У меня легко першило в горле, я откашливался, мешая себе слушать. В палату притопали лейтенант Заборов с повязкой на лбу, Свиридов, третьего, выше всех, я не узнал поначалу. Без мешка. Мне казалось, деньги принесут в мешке. Они затаскивали раскладушки.
– Почему две? – удивился Клинский.
– Товарищ подполковник, мы – каждый напротив каждого, а третий – в коридоре. Третья сюда и не встанет. – Заборов промерил между кроватями.
Клинский прощался.
– Вот, побудут с вами. Пока вам можно будет ехать.
– Погодите! Так нас сажают под замок? Вы понимаете, что сейчас происходит? – с веселым отчаянием спрашивал Старый, присев на кровать. – А потом? Убьете? Что изменится, если мы уедем через неделю? Сожгут крыс? Ради этого вы сядете в тюрьму?
– А если мы возьмем половину цены? – подсказал я. – А если пообещаем молчать? И совсем не возьмем денег?
– Ничего не поняли, – опечалился подполковник. – Я ничего не могу. Летим и закручиваем. Думайте.

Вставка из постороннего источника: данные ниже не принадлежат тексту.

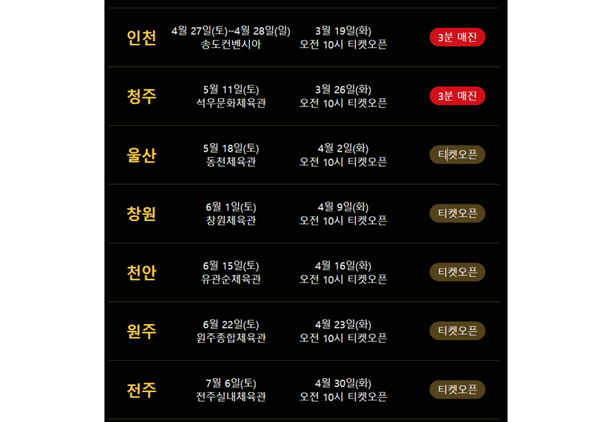 현재는 인천과 청주 콘서트 예매가 매진되었습니다.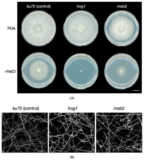Defects of the hog1 and msb2 mutants in response to hyperosmotic stress. (A) Colonies of ku70 (control), hog1, and msb2 mutants grown on PDA plates (5-cm diameter) for 4 days with or without 1% (w/v) NaCl (Scale bar, 1 cm). (B) SEM images of ku70 (control), hog1, and msb2 mutants after growing on PDA plates (5-cm diameter) for 4 days (Scale bar, 50 μm).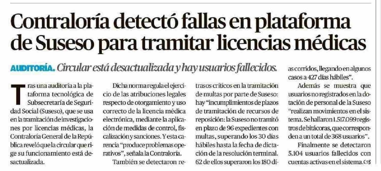 | Título: | Contraloría detectó fallas en plataforma de Suseso para tramitar licencias médicas |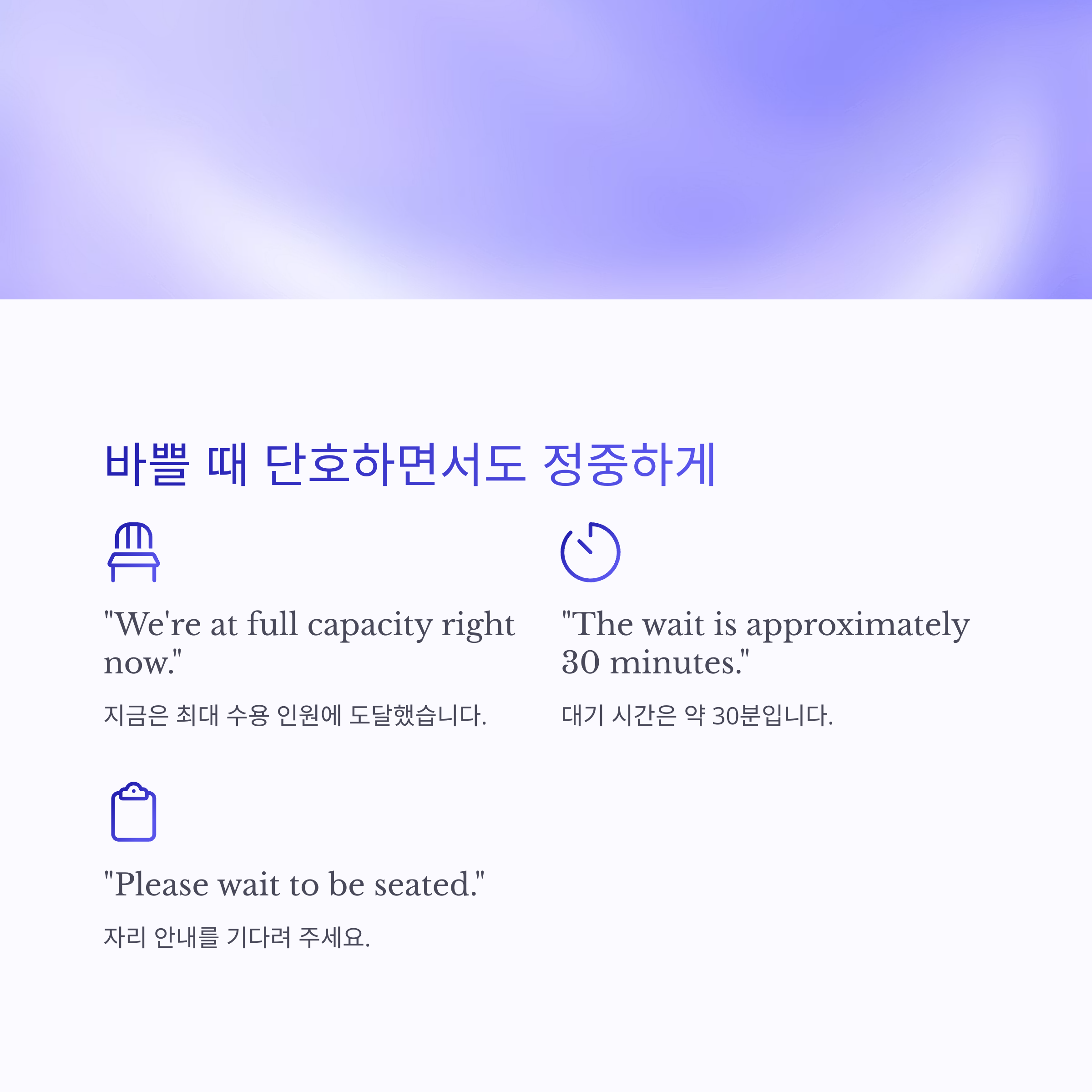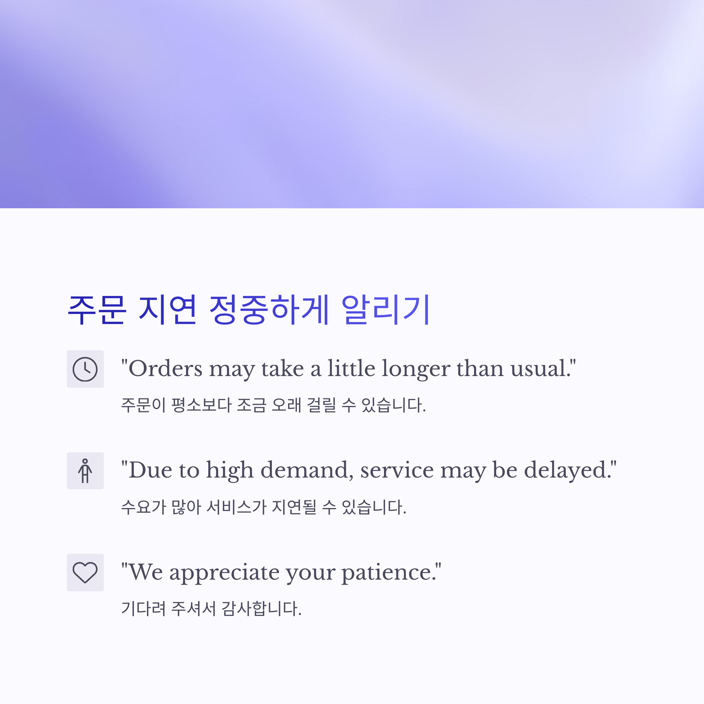예를 들어, 손님이 줄을 서 있는 상황에서는 "There are a few parties ahead of you. We’ll call you in order."와 같이 안내와 순서 보장이 담긴 문장이 효과적입니다. 반면 주문이 밀려 서비스가 지연되는 경우에는 "Orders may take a little longer than usual. We appreciate your patience." 와 같이 양해와 감사 표현을 결합한 문장이 적절합니다. 이런 문장들은 단순한 통보가 아닌 신뢰의 커뮤니케이션입니다.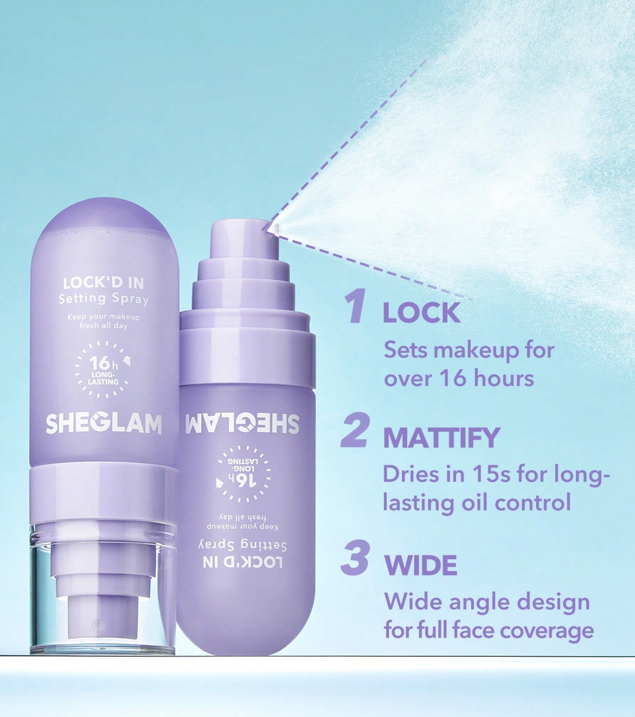 Gardez votre peau mate toute la journée grâce au spray fixateur longue tenue Lock'd de SHEGLAM , conçu pour fixer le maquillage tout en contrôlant l'excès de brillance.

Наползли, насели сумерки с лютым ветром, ветер напитался снегом и бился в лоснящуюся крышу гостиницы, от вялой пустоты мы не в силах уснуть, дом постанывал половицами, далекими дверьми, Свиридов принес мне таблетку мукалтина и запить; пробилось солнце и жарило на стенах кусочки тепла, похожие на ломтики хлеба, погасло, похолодела площадь, быстрей покатили автомобили, бороздя тишину, солнце застряло во влажном облаке, поблескивало краешком и пропало совсем, рассыпавшись в розоватую лужу, короткими злыми огнями засверкали фонари, и снег пошел, сквозило.
– Сказали, подвиги лопатой совершал? – Старый придремывал. – Что ж делать? Не драться же с ними. Как что – без денег…

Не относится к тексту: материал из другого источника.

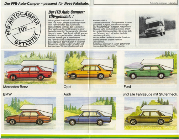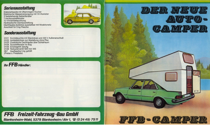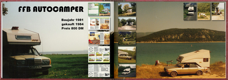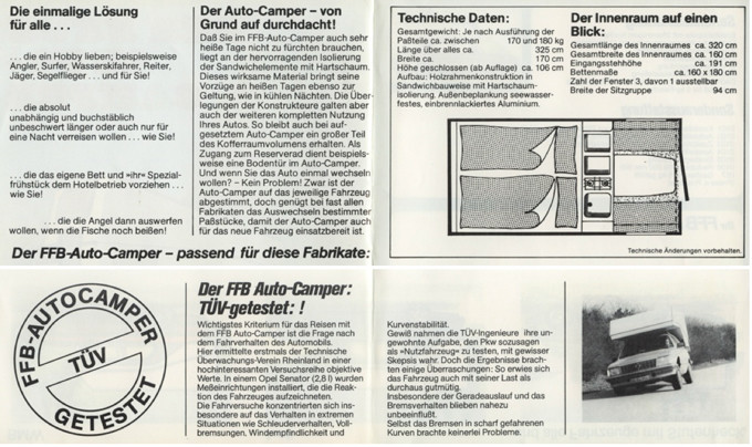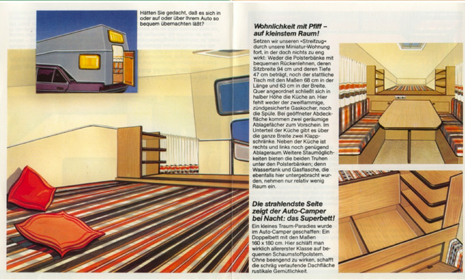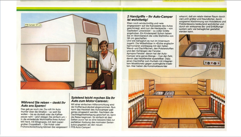 Nun wie angekündigt zu meinem frühen FFB (die sassen damals noch in Blankenheim in der Eifel): Der FFB Autocamper! Niemand, der diesen Aufbau nicht live gesehen hat, kann sich wirklich vorstellen, wie viel Platz und Komfort diese geniale Konstruktion bot: eine grosszügige Dinette, wo man bequem zu viert (!) sitzen konnte, Küchenzeile mit Zwei-Flammen-Kocher und Spüle, Kühlbox und Bordbatterie unter den Sitzbänken, Landstrom-Anschluss mit vier Steckdosen innen, Elektroheizung, reichlich Stauraum im Aufbau und im „Keller“ (durch eine Klappe im Boden konnte man den Kofferraum voll nutzen) und last not least ein Festbett von 160 x 180 cm; wenn man das Kopfkissen auf die Küchenabdeckung legte, waren es 200 cm Länge...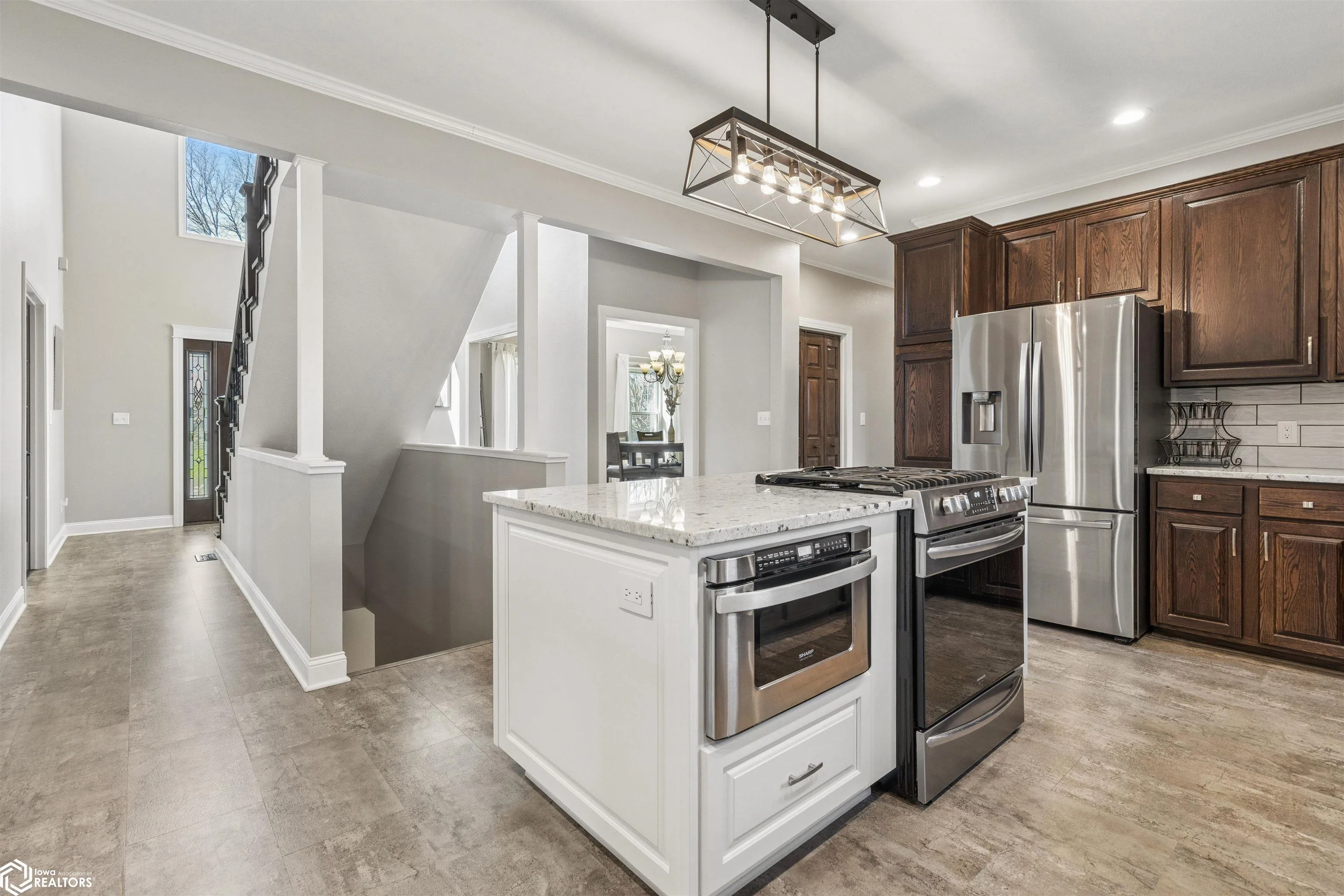 Impressive two-story home built in 1997 offering 3,646 square feet of thoughtfully designed living space. The upper level features four bedrooms, including a spacious primary suite with walk-in closet and a well-appointed primary bath complete with a soaking tub, step-in shower, heated towel bar, and linen closet. Two additional generously sized bedrooms and a full bath with double vanity, heat lamp, and convenient laundry chute provide functionality and comfort, along with a bonus bedroom over the garage offering flexible space for guests, hobbies, or a private retreat. The main level offers a beautiful flow ideal for everyday living and entertaining, featuring a dedicated office, half bath, and main-level laundry. The inviting living room showcases a cozy fireplace, creating a warm and welcoming atmosphere. At the heart of the home is a chef’s dream kitchen with granite countertops, stainless steel appliances, a peninsula perfect for gathering, plus a coffee bar and wine fridge. A formal dining room completes the space for hosting and special occasions-and the sunroom leading to the deck. The fully finished lower level expands your living space with a game room, family or media room, workout or craft room, 5th bedroom with egress, and a full bath—perfect for guests or multi-functional living. The attached three-car garage offers convenient access with a walk-up from the lower level. Additional highlights include two new furnaces and central air units installed in 2025.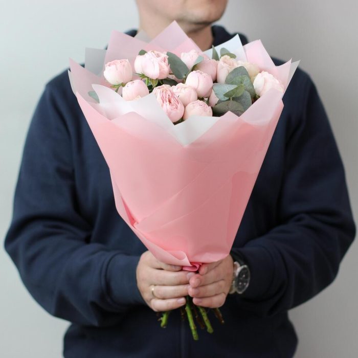 7 кустовых пионовидных роз мэнсфилд парк с эвкалиптом. Букет 22 KimFlo

Свиридов не появлялся. Заборов спал, расставив раскладушку поперек двери. В третьем охраннике я угадал разжалованного губернатора, он не заходил в палату, будто стыдился.
Уснули – разбудили гудки, автомобиль. Я вышел на балкон. Далеко у ворот ходил часовой, другой подсыпал песка на дорожку. Автофургон «Молоко» виднелся на углу санатория. Буфетчицы в расстегнутых пальто снимали железные ящики с бутылками и спускали вниз, на кухню, по настилу. Пожарная лестница обрывалась в метре над фургоном. Половина шестого. Я собрал из снега мокрый пирожок, надо дождаться водителя.
– И так кашляешь, – пробурчал Заборов, но не вылез.
Буфетчицы довыгрузили, прокричали в кухню и ушли. Спустя минуты две появился водитель, складывая бумаги. Две минуты. Завел, часовой загодя распахнул ворота и не остановил. Две минуты машина стоит пустая.
Старый прочел давнишние газеты, включая прогнозы погоды, начал читать надписи на горчичниках. Заборова сменил свергнутый губернатор, он дал Старому польский детектив, Старый читал, просыпаясь, когда книга падала ему на лицо. Мы с Шестаковым взялись заклеивать окна.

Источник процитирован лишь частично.